Мойка-карусель из штырей, на штыри надевают донышком вверх стеклянные банки. Карусель крутится, в одном конце ее кожух железный, там банки попадают под фонтаны кипятка, потом их обдают сильным паром. Когда карусель сделает круг, банки возвращаются такие раскаленные, что их снимают рукавицами. В горячие банки заливают кипящий джем.
Рукавицы в первый же день колонисты стырили. Сами у себя. Далее — хватали ошпаренные банки рукавами, благо у всех одежда была не по росту, велика.
Мойка нравилась ребятам, потому что рядом варился джем.

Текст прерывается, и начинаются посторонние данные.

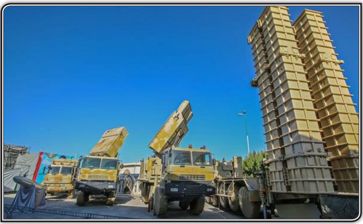
A handout picture provided by the Iranian president's website shows Iranian-made air defense missile system Bavar 373 ("faith" in Persian) during a ceremony in Tehran on August 22, 2019.
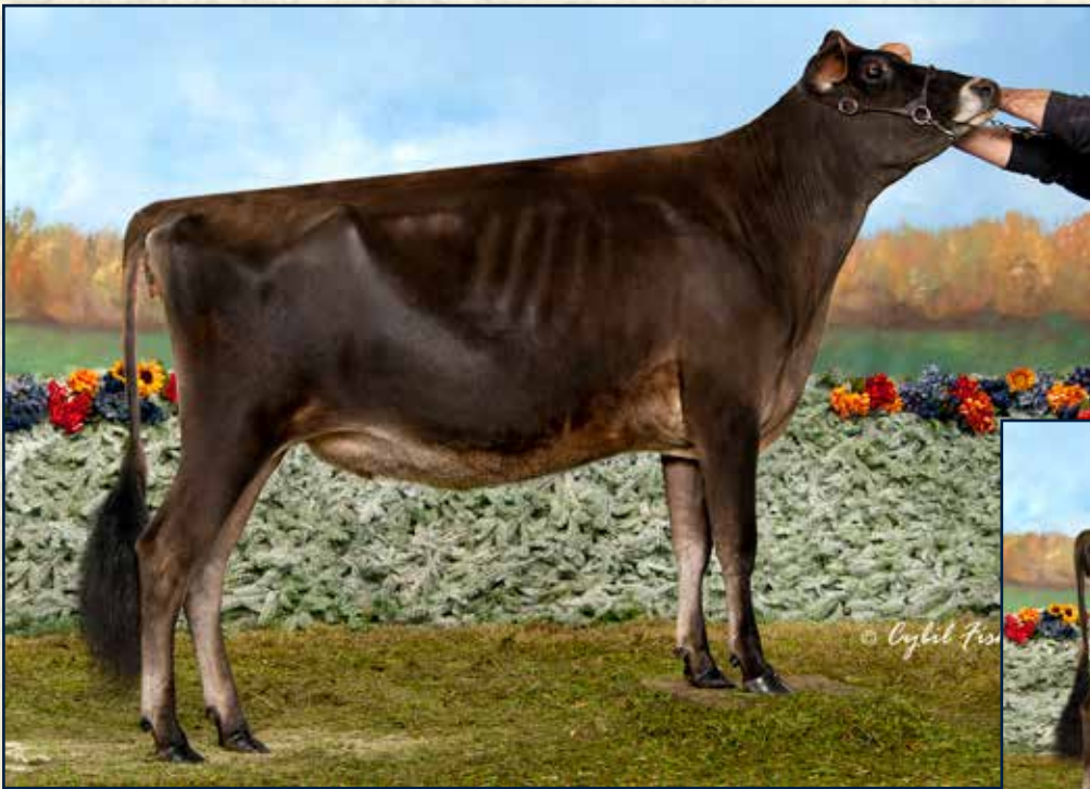
MEADOW RIDGE SPICY HOT ANGIE 2ND DAM OF LOT 32 ABA Reserve All-American Fall Calf 2014
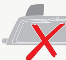
Flush Rail without Groove
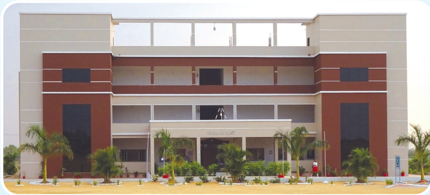
Salma Ali Block
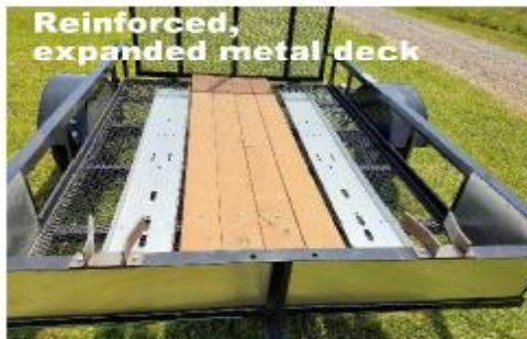
Reinforced, expanded metal deck

Tickets available Friday and Saturday at the Hodaka Club registration desk or Saturday night at the awards banquet. Drawing is Saturday 6/24. You do not need to be present to win. Tickets $5.00
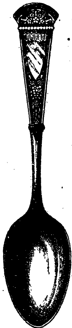
THE IMPERIAL PATTERN.
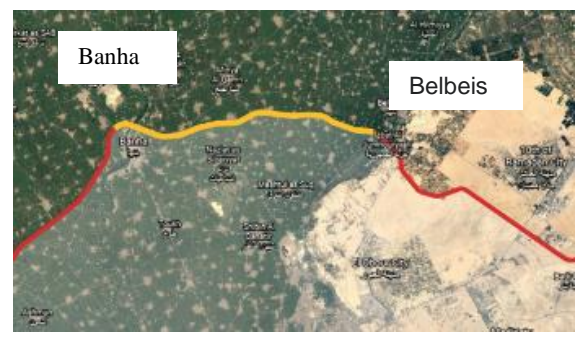
Fig 15: shows the northeastern arc of RRR [14].

It extends from the city of Belbeis in the Sharqia Governorate to the intersection with the agricultural road (Cairo-Alexandria) in Benha City, as shown in the figure 15. Its length is 34.5 km includes 27 bridges and 26 tunnels [32].

Другую часть колонистов, с ними и Кузьменышей, направили на конвейер. Тот самый конвейер, о котором упоминала веселая шоферица Вера. Ребят привели, показали. Из огромного бака, где плавали в воде высыпанные из корзин помидоры, выползала широкая резиновая лента. Стоя по обе стороны, надо было ловко выхватывать всяческие веточки, листья, гниль, не пропуская ничего лишнего. За этим строго следили две женщины, поставленные в самый конец ленты.

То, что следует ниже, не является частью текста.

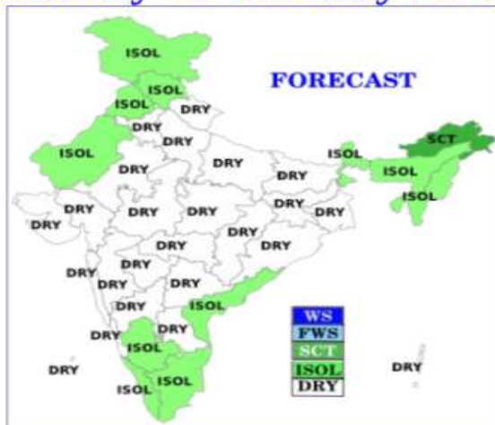
Sunday 05 January 2020
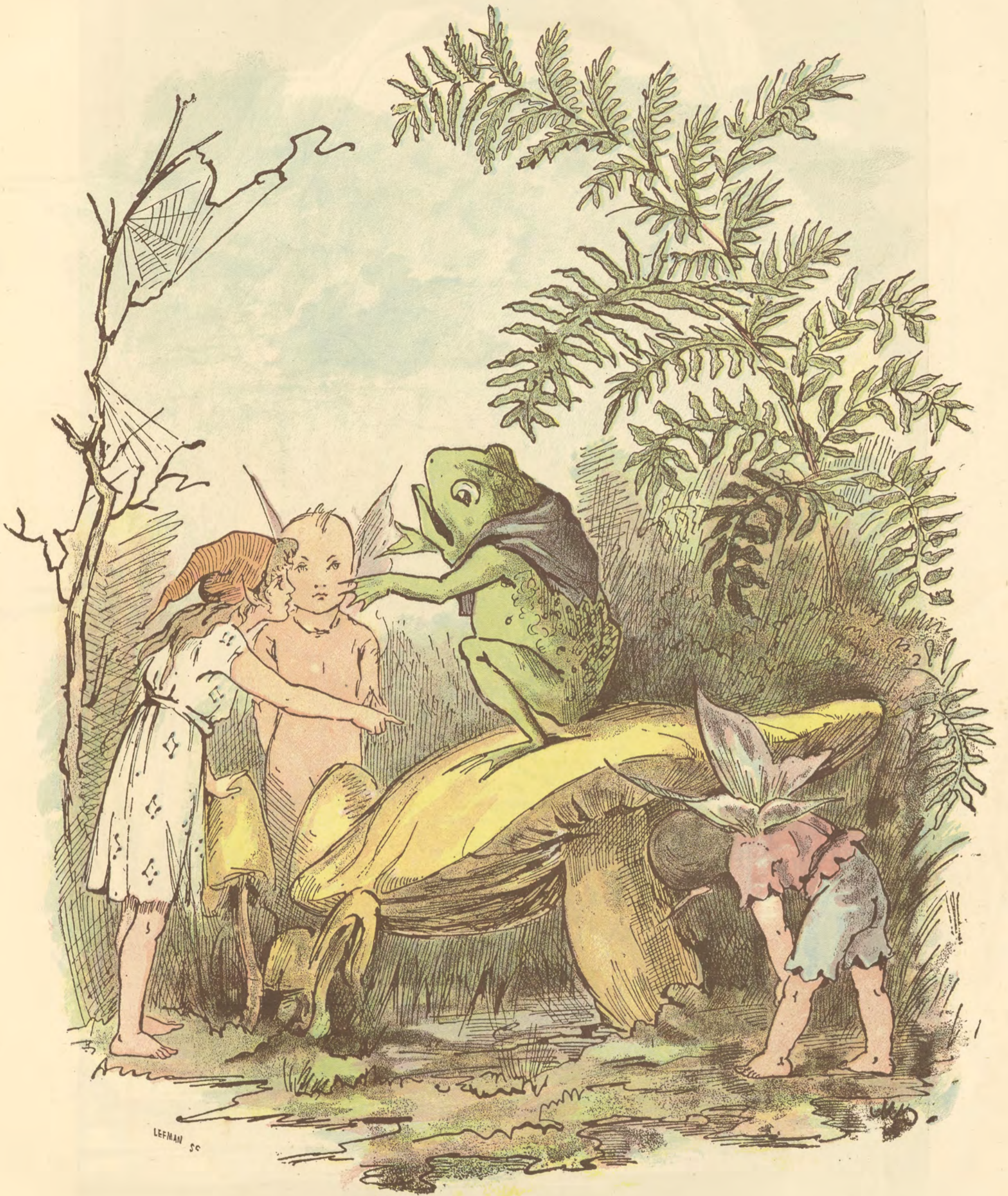
They make arrangements for lodgings.

Шелестящая, мягко изгибающаяся лента уползала под самый потолок, где из специальных сеток на нее проливалась густая струя воды, вымывая остатки сора, всю грязь.
Лента скрывалась за железным массивным колпаком, из-под которого вырывался во все стороны с шипеньем горячий пар. С обратной стороны колпака, из короткого хобота, в широченный чан изрыгался вместе с паром резко пахнущий, красный, раскаленный поток томата.
Стоять у конвейера целый день надоедало.
Но он, правда, и не работал целый день: то ленту заест, то помидоры запоздают… То пар отключат или вообще энергию. А когда ленту не заедало, палки в нее вставляли!
И тогда ребята, в первую очередь Кузьменыши, торопились в дальний угол цеха, где рядом с мойкой банок в отгороженных стальными барьерчиками котлах варили сливовый джем.
На этот запах джема колонисты слетались, как пчелы на мед.
Кузьменыши так раньше многих других!
Икра баклажанная — «блаженная» — слов нет, хороша, ее хоть ведрами ешь, да только приедается.
Яблочный соус кисловат, его быстро отвергли.
Фаршированный перец — тут фарша от пуза нажрешься — от случая к случаю готовят.
Но джем… Вот райское кушанье! Если в банку с головой влезешь, так всю и высосешь, аж на пузе медок проступает!
Ни одна варка не обходилась без пристального наблюдения колониста.
Рослые евреи поднимались по гулким железным лесенкам на самый верх и опрокидывали в котел тяжелые корзины со сливами, теми самыми, что теперь очищали во дворе одни девочки.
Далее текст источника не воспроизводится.